INPUT RECORDS =>
»»

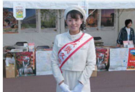
茨城県のブースでは、ミス奥久慈がブースをPR
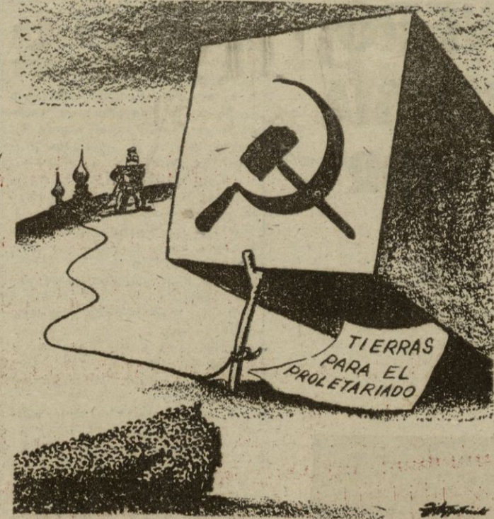
El periódico "St. Louis Post-Dispatch", de los EE. UU. publica esta caricatura alusiva al otorgamiento de tierras nuevas al proletariado ruso. No es sino una enorme trampa donde irán a caer, bajo un simple movimiento del Kremlin, millones de campesinos.

nista aun no le ha llegado la vez; pero sus subordinados están siendo detenidos. Malenkov, había confiado en él la realización de aquellas promesas de una vida mejor, con mesa abundante, que hicieran los rusos al subir al alto puesto que hoy ocupan. La realidad ha descubierto que todo era una ilusión. Y cuando las quejas de los hombres desperdigados por las granjas colectivas se hagan oír, Malenkov, tiene a la vista ya la víctima para calmarlas: será esta Khrushchev, que nadie sabe sabe como pagará tan funesto error.
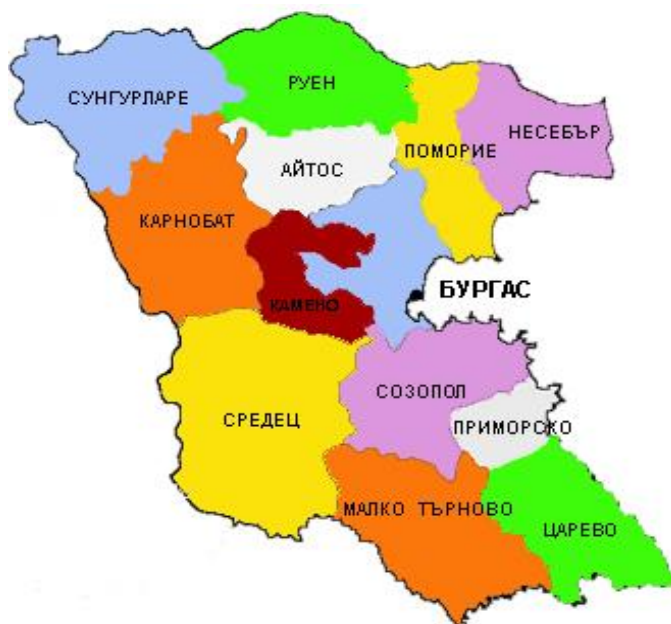
Фигура 1. Карта на област с административен център Бургас

Общата площ на общината е 530,1 кв. км., от които земеделски територии - 108,8 кв.км., горски територии - 401,7 кв.км., населени места и урбанизирани територии - 3,9 кв.км., водни площи - 2,8 кв.км., територии за добив на полезни изкопаеми - 11,3 кв.км., територии за транспорт и инфраструктура - 1,8 кв.км. Плажни ивици - 19 с обща площ 349,2 кв. м., обща дължина 9 184м. и средна ширина 33,6м. Населението на общината е 9621 души. Климатът е преходно - средиземноморски. Релеф и природни ресурси са уникално съчетание на море, планина и реки с екзотична растителност и многообразие на животински видове. Най - голямата странджанска река Велека с дължина 147км. Реката е плавателна в последните си 10км. Река Караач, р.Резвая,
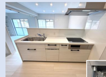
オープンタイプで開放的 食洗機付のシステムキッチン
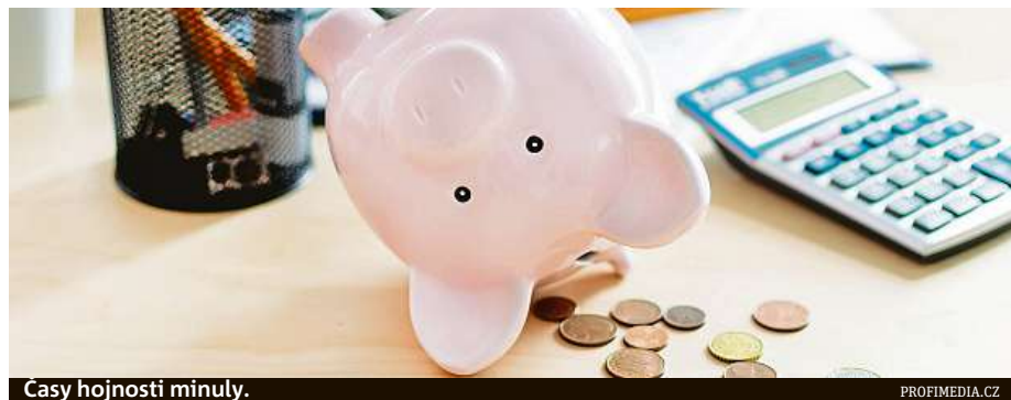
Časy hojnosti minuly.
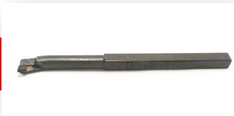
Ferramenta iso 9 12X12
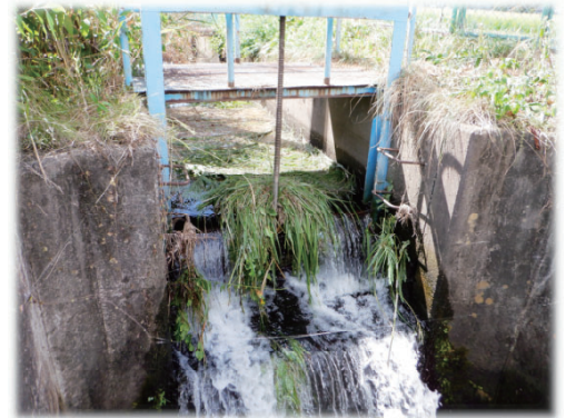
中央用排水路ゲート (令和5年度)

««

WORK ORDER =>
I need each line from the listing where the word "esta" occurs.

RESPONSE TO THIS TASK =>
El periódico "St. Louis Post-Dispatch", de los EE. UU. publica esta caricatura alusiva al otorgamiento de tierras nuevas al proletariado ruso. No es sino una enorme trampa donde irán a caer, bajo un simple movimiento del Kremlin, millones de campesinos.
nista aun no le ha llegado la vez; pero sus subordinados están siendo detenidos. Malenkov, había confiado en él la realización de aquellas promesas de una vida mejor, con mesa abundante, que hicieran los rusos al subir al alto puesto que hoy ocupan. La realidad ha descubierto que todo era una ilusión. Y cuando las quejas de los hombres desperdigados por las granjas colectivas se hagan oír, Malenkov, tiene a la vista ya la víctima para calmarlas: será esta Khrushchev, que nadie sabe sabe como pagará tan funesto error.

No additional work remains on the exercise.